Gallup Poll: 35% oppose death penalty

ByABC News
October 12, 2011, 10:54 PM

— -- More than one-third of Americans now oppose the death penalty — the highest level in nearly 40 years — according to a Gallup Poll out Thursday.

Moreover, those who believe the death penalty is being applied fairly, and those who say it isn't used often enough, are at the lowest levels in a decade, underscoring significant changes in attitudes.

Gallup found that 35% of those polled oppose the death penalty — the highest opposition since March 1972. That year, the Supreme Court effectively ruled that the death penalty was constitutional unless it was applied unfairly. By 1976, several states had reinstituted capital punishment.

Just 40% of those polled last week believe the death penalty isn't imposed often enough, the lowest level since May 2001.

The poll was conducted shortly after two controversial cases drew attention: the September execution of Troy Davis and last week's Supreme Court hearing involving Alabama death row inmate Cory Maples.

Davis was executed despite evidence that he may have been wrongly convicted in the 1989 murder of Savannah, Ga., police officer Mark MacPhail.

Maples was convicted of murdering two companions, but his death sentence is being appealed because his court-appointed lawyers failed to present key evidence about his background during the penalty phase of his trial.

Such highly publicized cases are altering public opinion, says Diann Rust-Tierney, head of the National Coalition to Abolish the Death Penalty.

"The numbers are consistent with what we've been seeing.

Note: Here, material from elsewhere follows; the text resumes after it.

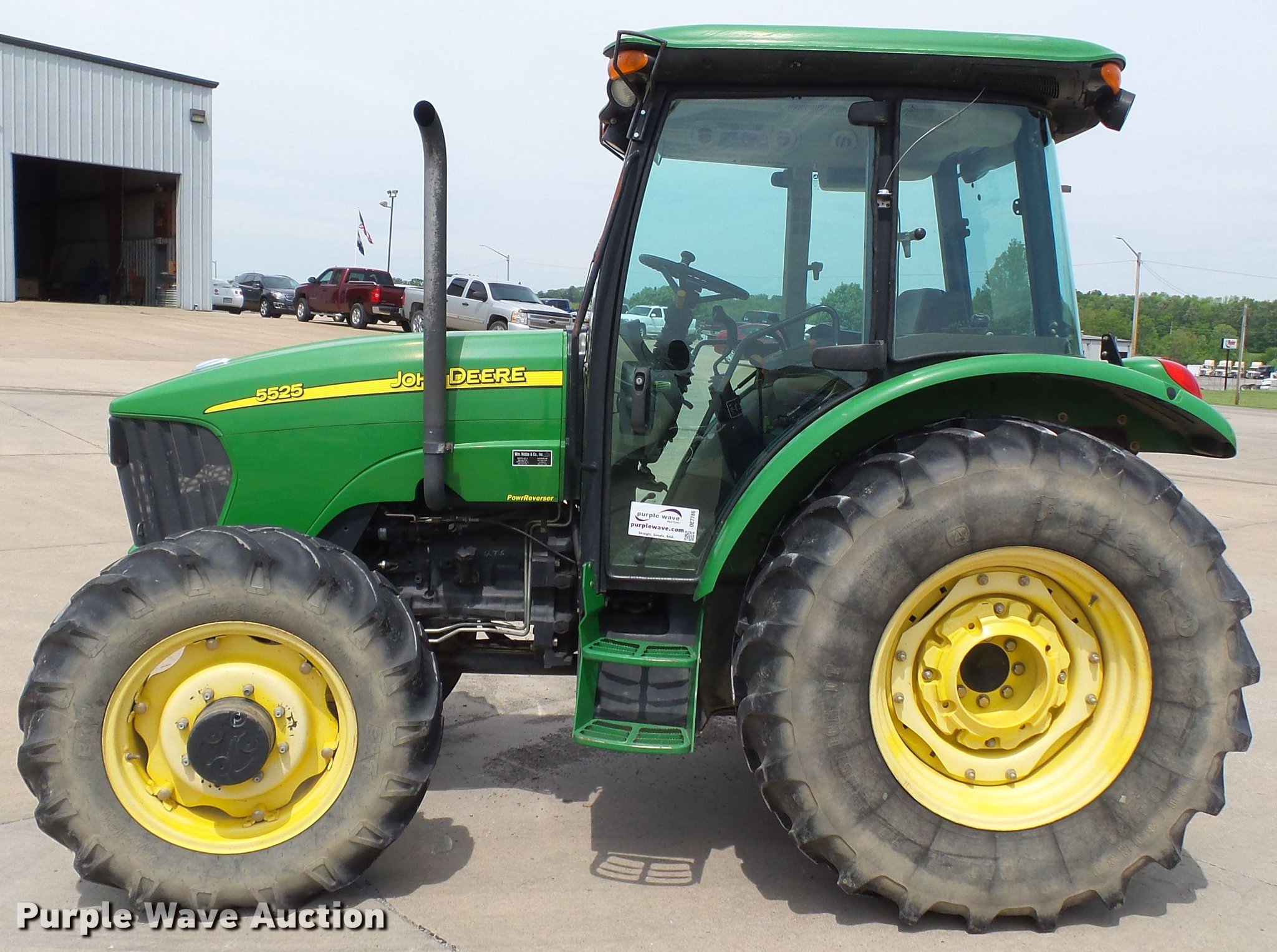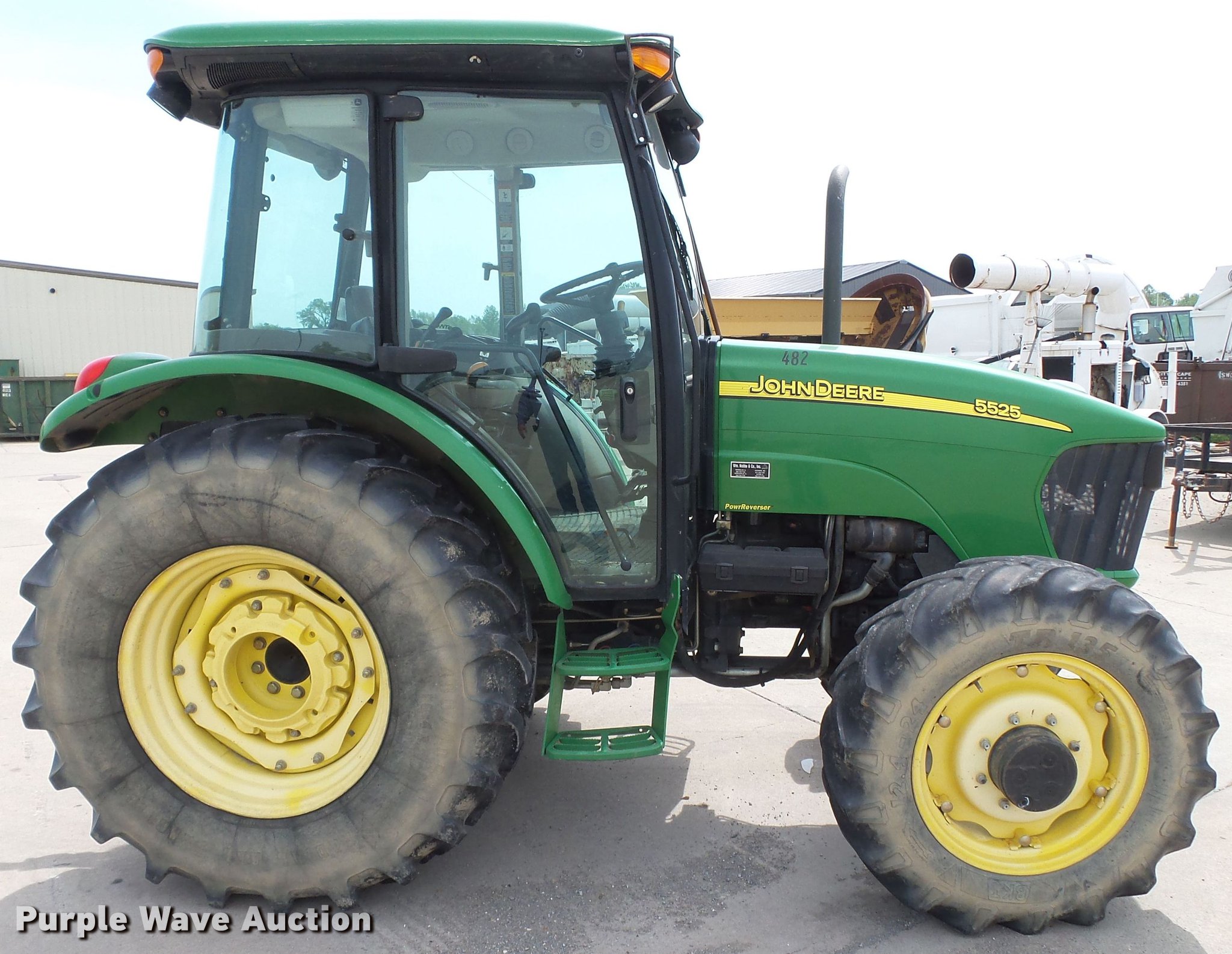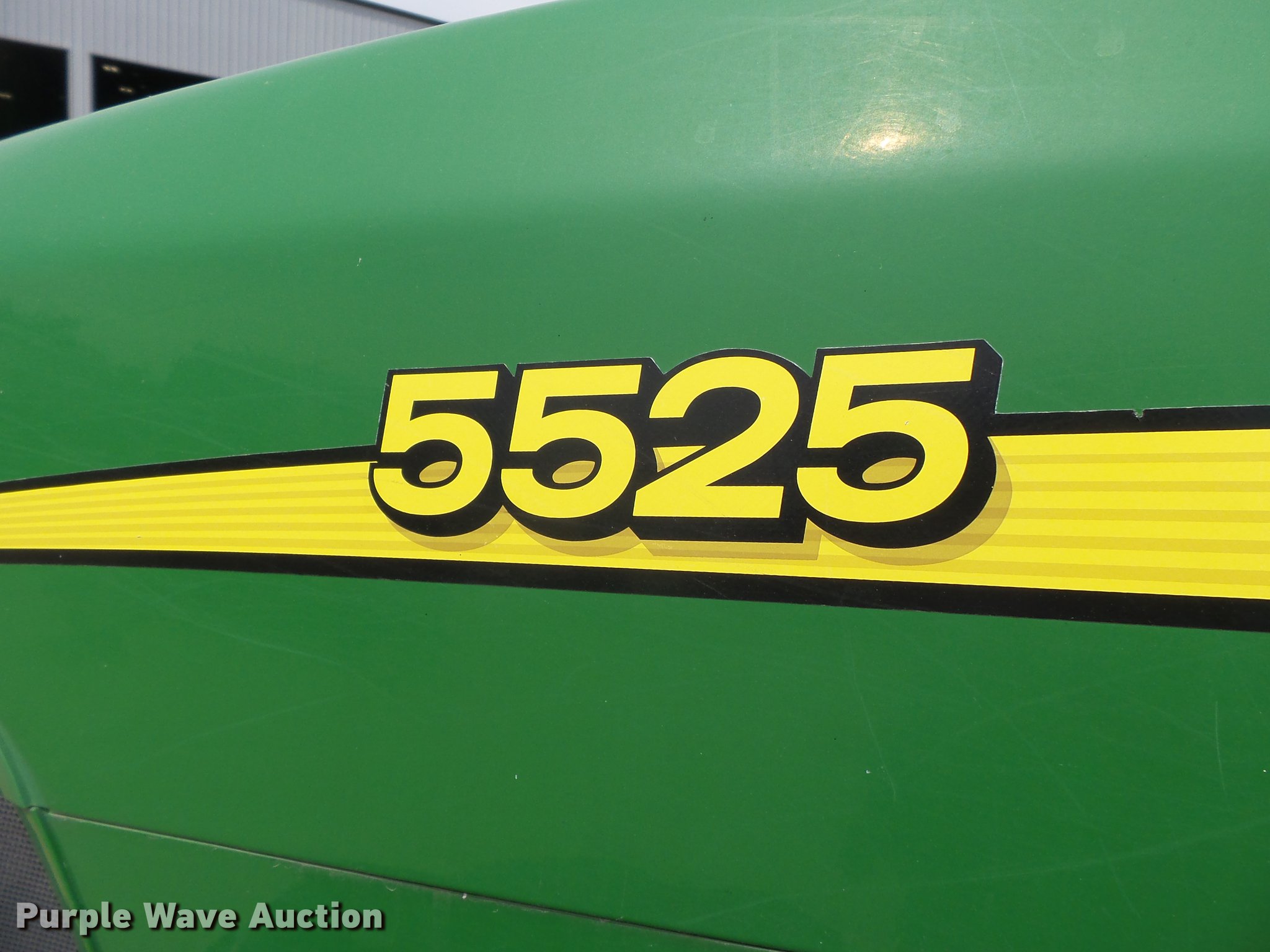 Purple Wave is selling a used Tractor in Missouri. This item is a John Deere 5525 MFWD tractor with the following: 4,372 hours on meter, John Deere 4045D four cylinder diesel engine, Manual transmission, 12F-12R gears, Left-hand reverser, Differential lock, AC and heat, AM/FM, Three point, Seven pin outlet, 540 PTO, (2) front hydraulic remote sets, (2) rear hydraulic remote sets, (2) wheel weights, 12.4-24 front tires, 18.4/80R30 rear tires, Two-way radio not included, Unit# 482

People see cases like these where they just can't square the executions with a common sense of fairness," Rust-Tierney says. "There's been a steady erosion in confidence in the system as more and more people sentenced to death have had their cases overturned."

Nearly 140 death row inmates have been exonerated or had their cases overturned on appeals, Rust-Tierney says.

Increasingly, death penalty cases are also viewed as being costly and providing little deterrent against serious crimes, says Barry Scheck, a law professor and co-director of the Innocence Project, which, like the American Bar Association, is seeking a moratorium on executions.

"There are 700 inmates on death row in California alone, and the amount of time and expense to handle those cases is mind-boggling," says Scheck, noting that capital punishment cases in that state take an average of 25 years to work through trials and appeals and have cost the state hundreds of millions of dollars.

"The general public doesn't believe that the death penalty is a deterrent or is making anyone safer," Scheck says. He says the Gallup Poll may underestimate opposition to capital punishment because it doesn't ask a key question: whether those polled view life imprisonment as a better alternative.